Балатонский гамбит (Гавен) - страница 22

Он подвел Наталью к самодельному столику, усадил на ящик, заменяющий стул, поставил перед ней алюминиевую миску с мясом и жареными макаронами.

— Кушай, девонька.

— Я только чаю просила, — Наталья смутилась.

— А чай что? — Харламыч пожал плечами. — Вода она и есть вода. А силу-то где брать, небось ни маковой росинки во рту с утра?

— Да, верно, — призналась Наталья, — есть хочется.

— Вот и кушай. И запить чем тоже найдется, — он налил в стакан красного вина. — Все получше чая будет. Сейчас капитан подойдут со снайпершей. Все вместе и покушаете, потолкуете.

— Да, Харламыч, тепло у тебя, а на улице — жуть, — Наталья отпила вино.

— Наше дело крестьянское, — откликнулся тот, наклонившись к печке. — Первым делом стопи, дров заготовь, чтобы и дальше было чем топить. А вот и разведка вернулась.

В землянку спустились солдаты в камуфляже, старший сержант над ними.

— Садись, садись, Косенко, садись, ребята, — Харламыч загремел мисками.

— Разрешите, товарищ лейтенант, — скинув мокрый плащ, коренастый плотный разведчик пододвинул ящик к столу.

— Да, конечно, — Наталья даже смутилась. — Какие церемонии!

— Зря ходили, — опрокинув стакан с вином, сказал сержант Харламычу. — Весь передний край брюхом проелозили, нет стоящего языка. Все мелочь какая-то, шантрапа. От них какие сведения получишь. Что он утром на завтрак ел, это кому надо?

— Ничего, Миша, повылезают еще, — успокоил его Харламыч и подвинул миску с дымящимися макаронами, — ешь. Куда им деться-то.

— Наталья Григорьевна здесь уже? — в землянку спустился капитан Иванцов. — Харламыч, накормил?

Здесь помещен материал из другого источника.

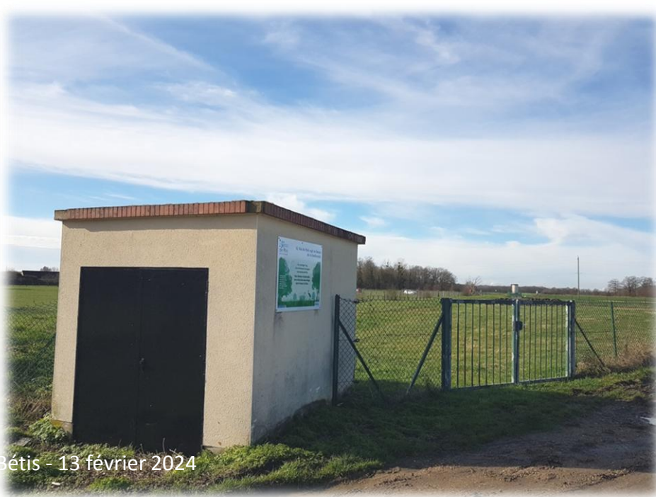
Montage d'Emérance Bétis - 13 février 2024
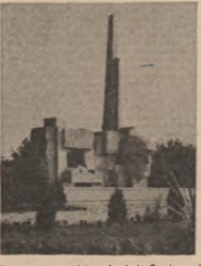
Monumentul ostașului român de la Căsei, operă a sculptorului Vida Geza
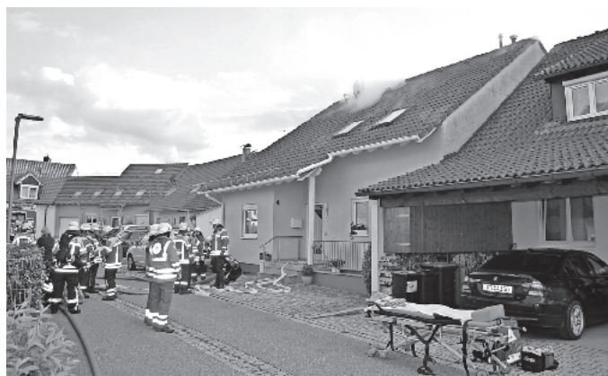
Das Brandobjekt mit dem Rauch im Dachbereich und die Versorgung der Verletzten.

Eine anspruchsvolle Übung galt es für die Gesamtwehr Stegen und das Rote Kreuz der Dreisamalgemeinde im Stockacker bei der Frühjahrsübung zu bewältigen. Im Dachstuhl eines Reihenhauses war ein Feuer ausgebrochen und zunächst galt es für die Feuerwehr die Verletzten aus dem deutlich sichtbar verrauchten Gebäude zu evakuieren und an das Rote Kreuz Stegen zur Versorgung zu übergeben. Dies gelang auch zügig und insgesamt wurden dann von den ehrenamtlichen Helfern des Roten Kreuzes vier Patienten mit unterschiedlichen Verletzungsmustern betreut. Die Feuerwehr konnte sich dann um die Belüftung des Gebäudes kümmern und hatte schon zuvor mit der Löschwasserversorgung begonnen um das Gebäude möglichst vor weiterem Schaden zu schützen. Ebenfalls überprüft wurde das direkt angrenzende Nachbarhaus auf mögliche Schäden, was aber nicht geschah. Durch die dichte Bebauung in diesem Bereich der Gemeinde war es für alle Beteiligten keine leichte Übung, weil es galt die umliegenden Gebäude auch vor Schaden zu bewahren.

— А как же, мы свою службу знаем, — откликнулся солдат.

— Сейчас эта Прохорова придет, — Иванцов как-то кисло дернул щекой. — Ногу подвернула. Санитары ей вправляют. Кто бы ей голову вправил, я бы тому в ноги поклонился. Давай, Харламыч, миску-то.

* * *

— Ты не горячись, Надя, не надо, и не расстраивайся, — шепнула Наталья новой подруге, мелкими глотками допивая вино. — Мне завтра в штаб Шумилова только к семнадцати надо. Так что утром вместе пойдем, я рядом буду, погляжу, чтоб никто не дергал по-пустому. Все получится, я уверена. Тогда и капитан отношение поменяет. Его тоже понять можно. Не хочется быть хуже всех.

Спустя час в землянку набилось много народа. Люди стояли, сидели на нарах и прямо на земляном полу. Солдаты, сержанты, офицеры. Многие небриты, в грязном обмундировании, с обветренными лицами и загрубелыми руками. Простые русские мужики, да и не только русские. Было два казаха. У одного фамилия — язык сломаешь — Турбанбердыев, так Иванцов за два года войны так и не выучился ее выговаривать. Всегда кричал: «Этого зови, Турбан… вот черт, ну, сам знаешь!» Ну, украинцы, конечно, с мягким окающим говорком, белорусы. В основном из деревень, из глубинки. Одних она знала меньше, других больше. У Иванцова она чувствовала себя спокойно. Капитан ее в обиду не давал — любого на место поставит, только брякни что-нибудь. Так постепенно и отстали все, привыкли, чуть ли не своей считать стали. С ними она чувствовала себя лучше, чем при штабе с офицерами, которые часто и пороха не нюхали. И смерти не боишься. А что бояться? Вначале боялись, а потом отпустило, как говорит Иванцов. И ее тоже отпустило после Сталинграда. На передовую она не боялась приезжать, даже стремилась сюда при каждом удобном случае.